Price wars are becoming the next retail addiction and will cause a “death spiral” as retailers race to the bottom on price. In this scenario, only the financially fittest will survive. In the short term, consumers should benefit from lower prices on the shelf, but long term everybody loses if focus continues to coalesce around competing on price and away from areas like customer experience and innovation. Not only is this behavior inherently self-destructive, it begins closing off future avenues to growth. Once you’ve won a customer’s share of wallet based solely on the price of the good, what’s next? They are likely to stay only so long as you continue to be the lowest priced option."
Fundamental ter uma estratégia de diferenciação. Fundamental fugir da dependência do preço. Fundamental pensar por si próprio e não por ver as acções dos outros.

Trechos retirados de "Price War: Retail’s Latest Self-Destructive Addiction"

domingo, junho 18, 2017

Lemingues


Um almoço na sexta-feira passada deixou-me, por momentos, com os cabelos em pé. Até cheguei a citar:
"confusing testosterone with strategy is a bad idea"
Voltei a recordar o tema da conversa ao ler "How Lego clicked: the super brand that reinvented itself".
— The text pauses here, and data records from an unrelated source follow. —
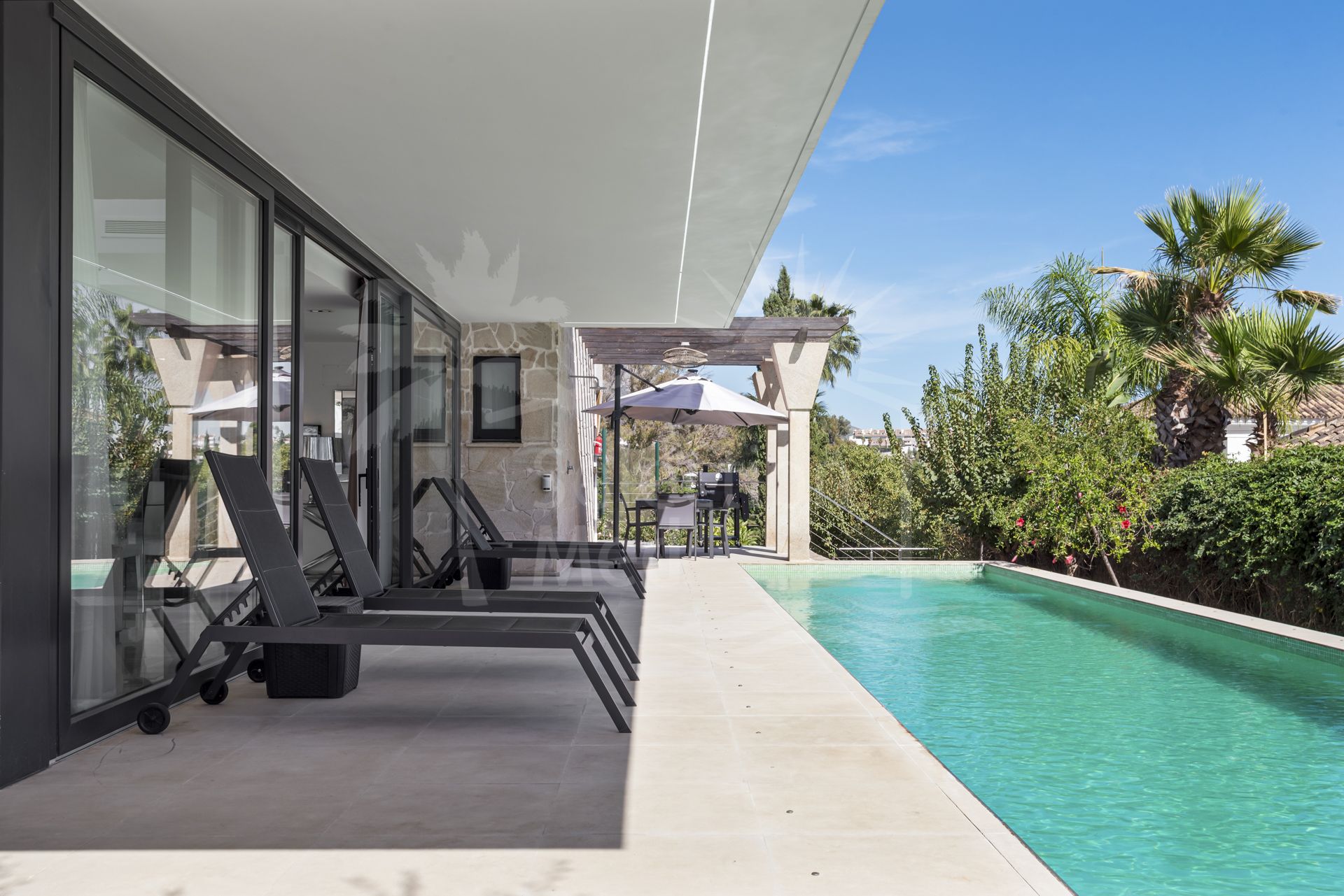 Maison à vendre à La Cerquilla, Nueva Andalucia avec 5 chambres, 5 salles de bains, 1 salles de bain en-suite et a piscine (privé), garage (privé) et jardin (privé). Dimensions: 635m² construit et 849m² parcelle.
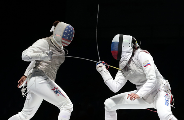 16일 러시아 모스크바에서 열리고 있는 세계 펜싱 선수권대회에서 미국 선수와 러시아 선수가 겨루고 있다.
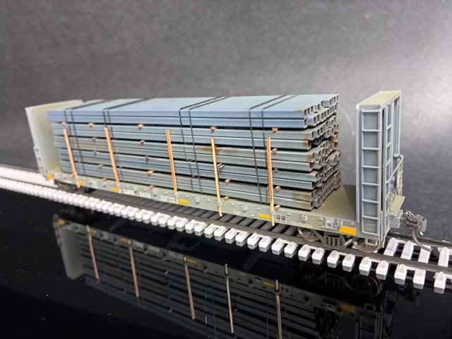 This model features a floating load of new steel box beams, High Tech air hoses, AEI tags, and Kadee couplers. This model is lightly weathered.
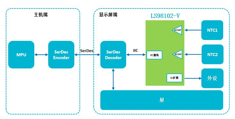 現(xiàn)場可重構(gòu)IC LS98102/-V采用QFN14封裝(車規(guī)級),供電范圍2.3V~5.5V,靜態(tài)電流100nA,12個可任意配置GPIO。該器件具有監(jiān)控2路NTC的溫度,溫度異常時發(fā)出中斷給SerDes端,主機控制發(fā)出關屏等指令信息擴展GPIO口,用于控制顯示屏端其他外設。

Quando a Lego começou a se afundar o que recomendaram os teóricos?
"Consultants hurried to Lego’s Danish HQ. They advised diversification. The brick had been around since the 1950s, they said, it was obsolete. Lego should look to Mattel, home to Fisher-Price, Barbie, Hot Wheels and Matchbox toys, a company whose portfolio was broad and varied. Lego took their advice: in doing so it almost went bust. It introduced jewellery for girls. There were Lego clothes. It opened theme parks that cost £125m to build and lost £25m in their first year. It built its own video games company from scratch, the largest installation of Silicon Graphics supercomputers in northern Europe, despite having no experience in the field."[Moi ici: Copiar independentemente disso ter alguma relação com o ADN]
Hoje a Lego é um sucesso financeiro e uma super-marca mas não por causa destas recomendações.
"Vig Knudstorp rescued Lego by methodically rebuilding it, brick by brick. He dumped things it had no expertise in – the Legoland parks are now owned by the British company Merlin Entertainments, for example. He slashed the inventory, halving the number of individual pieces Lego produces from 13,000 to 6,500. (Brick colours had somehow expanded from the original bright yellow, red and blue, sourced from Piet Mondrian, to more than 50.) He also encouraged interaction with Lego’s fans, something previously considered verboten. Far from killing off Lego, the internet has played a vital role in allowing fans to share their creations and promote events like Brickworld, adult Lego fan conventions. [Moi ici: De certa forma é o que as PME que dão a volta fazem. Não tendo dinheiro para se perderem em diversificações que raramente resultam, concentram-se no que sabem fazer bem, trabalham a marca para B2B e fogem do preço trabalhando a relação com o cliente]
...
“What’s made them successful over the past 10 years is their ability to create new entities, movies, TV shows, by partnering with brilliant people. They’ve said: ‘We might not make as much money if we outsource it, but the product will be better.’ That mentality is very Danish. It comes from saying: ‘We’re engineers. We know what we’re good at. Let’s stick to our knitting.’ That’s a very brave thing to do and it’s where a lot of companies go wrong. They don’t understand that sometimes it’s better to let go than to hang on.”
...
“The reality is that the last few years the growth has been supernatural,” Julia Goldin, Lego’s chief marketing officer, tells me. “When you look at the proportion of revenue that’s coming out of the mature markets it becomes more and more challenging with the level of penetration."
Não adianta copiar o que os outros fazem. O que se aplica a umas empresas não se aplica a outras. E quem nos garante que o que os outros fazem, mesmo para eles, é a melhor opção? A testosterona não é uma boa conselheira.